On Monday, July 25, the Egyptian pound (LE) reached its lowest value ever in the parallel market. The unofficial exchange rate, LE12.95 per U.S. dollar, was a staggering 47% below the government-set rate of LE8.88 to the dollar.

The accelerating decline of the Egyptian economy has brought unprecedented public scrutiny of economic conditions, with citizens increasingly feeling the pinch. In May 2016, headline urban inflationincreased by an annual equivalent of 12.3%, the highest monthly figure since May 2015. More worryingly, this inflation was led by basics needs: food and health expenditures.

This scrutiny, however, also amplifies crises, and with the exchange rate crisis on everyone’s mind, it is a spiraling self-fulfilling prophecy, fueled by short term mismanagement and long-term economic decline.

In 2015, Egypt allowed the currency to depreciate three times by a combined 8.7%. In March 2016, a further 13% depreciation—the largest in 13 years—brought the exchange rate to LE8.95 per dollar, on hopes that this would be sufficiently close to the currency’s real price to regain investor confidence, quell the parallel market, and replenish the country’s foreign currency reserves. This was to be supported by a more flexible exchange rate which would allow for fractional daily variations of the exchange rate. Withdrawal restrictions were eased, and it seemed, for a brief moment, that the worst of the crisis had passed. But the Central Bank of Egypt (CBE) never reviewed its exchange rate policy. Instead, it reverted to a currency peg which allowed for little fluctuation, while it continued to allocate dollars to banks. The trend of depreciation, if only on the black market, resumed.

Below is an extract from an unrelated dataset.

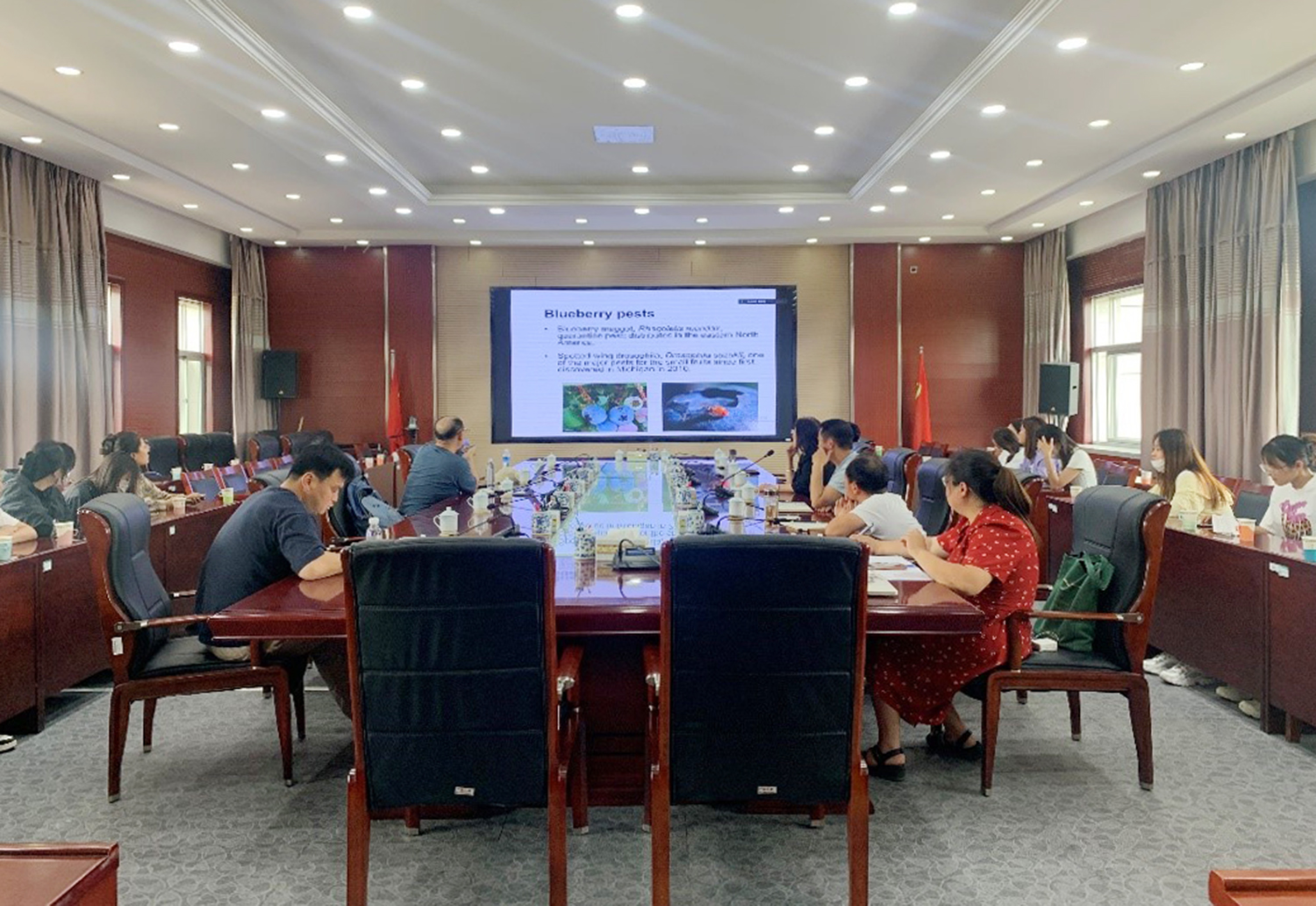 交流会上,哈布哈陈•照日格图博士以“Post-harvest control of blueberry and grain pests by fumigation(蓝莓和作物采后有害昆虫的防治)”为题,就蓝莓和作物采后有害昆虫的防治有关内容作了深入阐释,并与农学院师生围绕科研课题研究、学科专业建设、团队建设等工作进行了深度研讨与交流。期间,农学院还与照日格图老师在科学研究、学术交流等方面达成了初步合作意向。

A number of short-term factors, exacerbated by a background of overall economic decline and currency and capital flight, accelerated the crisis over the past week. Deliberate speculation and hoarding—in addition to a self-fulfilling market panic, where investors and consumers demand more than their actual needs for fear of not finding dollars when they need them in the future—explain part of the problem . The central bank’s mismanagement in this crisis is inexcusable, with the governor of the CBE regularly suggesting in interviews that the currency will be devalued, apparently forgetting the power of such declaration to affect faith in the currency and thus exchange rates.

On July 3, CBE Governor Tarek Amer told financial newspaper al-Mal in a phone interview that he was not targeting the dollar-pound exchange rate, and that maintaining the exchange rate was a “huge mistake” that had cost the country billions of dollars over the past five years. Amer added that the central bank had received loans and deposits to the tune of $22.5 billion over that same period, most of which was wasted on exchange rate targeting, and “which should have been used to fix the monetary policy and the forex system.”

While his mea culpa was correct, the statement’s timing immediately before the Eid al-Fitr long weekend set the market into a frenzy, on the expectation that the CBE would devalue the currency immediately after the holiday. But the bank did not devaluate, and the black market rate kept climbing.

The CBE further fueled the panic by imposing currency withdrawal restrictions to laughable sums, with the customers of some banks reporting that their withdrawal quota while abroad decreased by 90%, from $5,000 to $500 per month. Such restrictions are instrumental in encouraging informal transactions, as consumers turn to the black market to fund their currency needs for travel or purchases.

On July 20, Amer said that the time was not ripe to float the currency, but left the door open for further devaluations, which only fueled the frenzy further. Pinning the entirety of the crisis on the CBE’s performance over the course July would be unfair. Its mismanagement goes back further than the past few weeks, long predating the mandate of the current CBE governor. It is, however, essential to underline his mismanagement of the crisis.

The general economic context has not made this easy. Devaluations usually entail imported inflation—price increases for imported goods and domestic products relying on imported raw materials—and in a country with no consumer protection regulation to speak of, inflation often overshoots the devaluation itself.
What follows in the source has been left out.